Spongebob Can Now Narrate Your Writing

Fifteen.ai is a proof of concept web platform that allows you to make various characters from different pieces of media repeat what you write. The site, funded by MIT, has served over 4.2 million audio files which are the output of different characters speaking out the text the users have requested.

I’m frankly surprised this wasn’t done earlier.

I’m frankly surprised this wasn’t done earlier.


Text to speech is a technology has been around for a while now, being part of many operating systems since as early as the 1990s. However, due to the recent innovations in the field of artificial intelligence, the quality of text to speech engines has seen rapid growth and the voices generated are increasingly natural.

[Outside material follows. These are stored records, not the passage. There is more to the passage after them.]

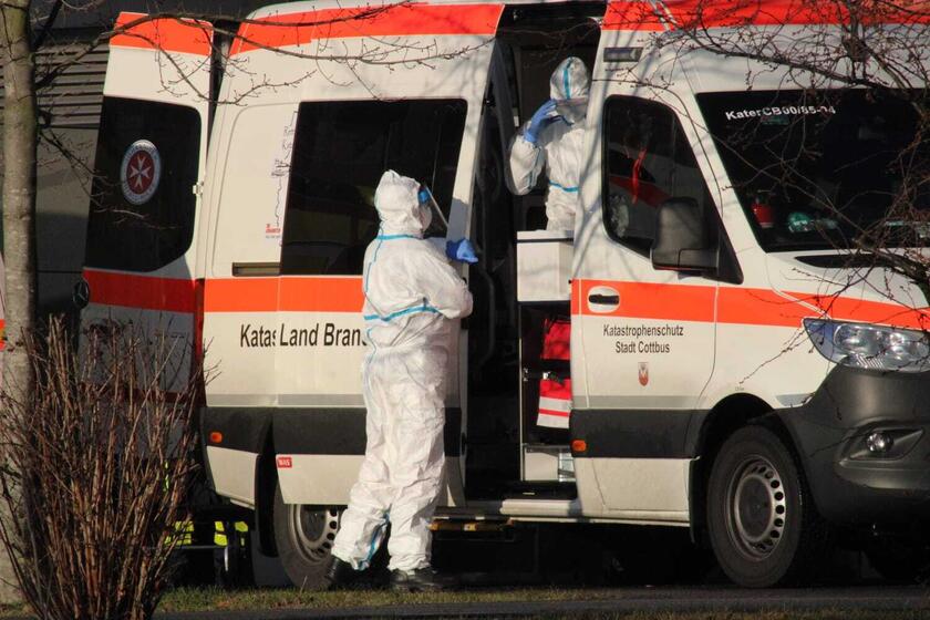 Auch am Samstag waren wieder zahlreiche Fahrzeuge inkl. Einsatzkräfte der Johanniter Südbrandenburg (aus Lübben und Cottbus) zusammen mit Einheiten des DRK im Einsatz. Seit den Morgenstunden wurden Covid-19 infizierte Personen mit unterschiedlichem Schweregrad der Erkrankung aus Kliniken im Landkreis Spree-Neiße in Krankenkäuser nach Sachsen-Anhalt verlegt.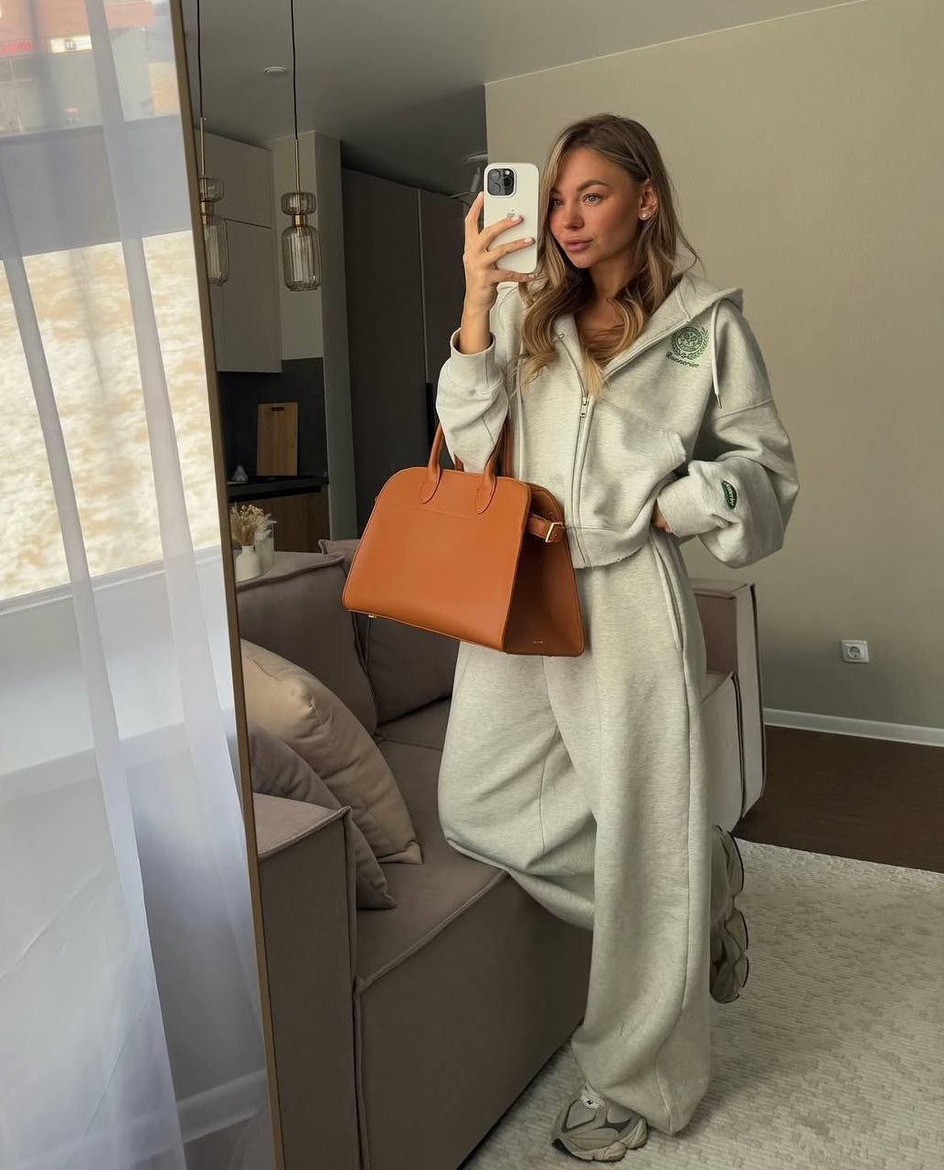 Спортивный костюм (кофта на молнии с накатом+капюшоном+свободные брюки) меланж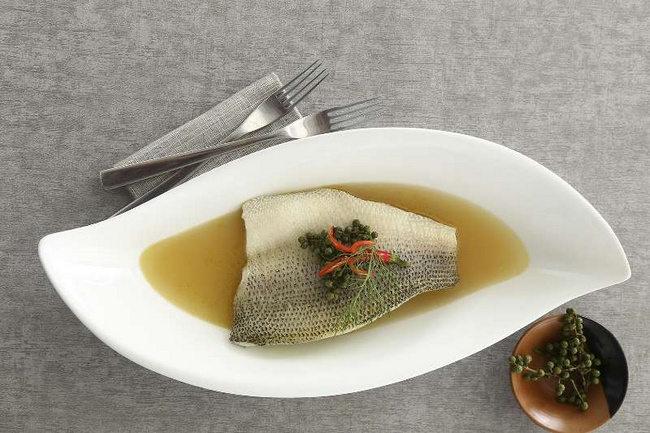 區(qū)別于充斥著辣椒與熱油的傳統(tǒng)水煮魚(yú),梧桐 PLUS 的 fusion水煮魚(yú)外表清新,口感麻辣。食材選用三斤左右的上等淡水鱸魚(yú),清晨宰殺,剔骨后整場(chǎng)取肉,再經(jīng)過(guò)高溫蒸制,保證魚(yú)肉肉質(zhì)嫩滑松軟。并不像傳統(tǒng)的水煮魚(yú)采用的“湯菜”的方式,fusion水煮魚(yú)采用肉料分離的烹飪方式。魚(yú)湯經(jīng)過(guò)麻椒、辣椒的熬煮而變得味道濃郁,過(guò)濾后僅留清爽的湯汁,單從視覺(jué)上根本無(wú)法判斷蘊(yùn)藏的奇妙味道,這也正是這道招牌菜的精妙之處。盛盤(pán)后的fusion 水煮魚(yú)猶如一道藝術(shù)品,造型簡(jiǎn)約充滿(mǎn)意境,清亮的魚(yú)湯入口瞬間酸辣感通透口腔,脫離了紅油浸泡的濃郁麻辣口感,更加健康養(yǎng)生。

The most famous example of this is an unreleased feature of Google's voice assistant. The feature allows the voice assistant to call and make appointments for you and also respond to calls first if needed. The voice assistant goes as far to include "um"s and "hmm"s in its replies, undoubtedly fooling the caller on the other end into thinking there is an actual human on the other side.

There is no doubt that in order to make such an intricate AI, days upon days of training data was used by Google to hone the voice assistant into answering in the most natural way possible. Fifteen, on the other hand, highlights a very different improvement in voice synthesising algorithms: it is able to produce samples of audio similar to that of the original character in as little as 5 minutes of training data. Though it is still a bit rough around the edges (try inputting "coronavirus" and listen to different characters absolutely butcher the pronunciation), the AI does a good job at accurately replicating most basic words. Additionally, depending on the characters chosen on the website, the web platform allows you to give an emotion to the narration of the sample text. For example, Twilight Sparkle from My Little Pony has the option of outputting the written text in a happy mode.

The fact that you can train artificial intelligence to synthesise voice as natural as this with just 5 minutes of training data comes with both benefits and potential problems. The obvious benefit that most people might think of is better sounding voice assistants, but companies so far have not decided to use better voice synthesis on voice assistants with research showing that it can draw users away by coming off as eerily human. It is likely that we will see any phone voice assistants with naturally sounding voices until they can consistently be as natural as the voice showed in the Google assistant calling demonstration and cross the infamous "uncanny valley", a valley at which a technology generates an imperfect human and causes discomfort in users despite being close to the real thing. An important benefit of better voice synthesis is allowing those impaired and unable to speak have a nearly natural voice and allow them to express their thoughts with it. On the other hand, a problem that we may end up facing at some point in the future is that it if someone records you for 5 minutes speaking about different things, they can impersonate your voice using the same technology that this artificial intelligence used, that being said, there is still a while before artificial intelligence can accurately synthesise more complex words given the small set of training data.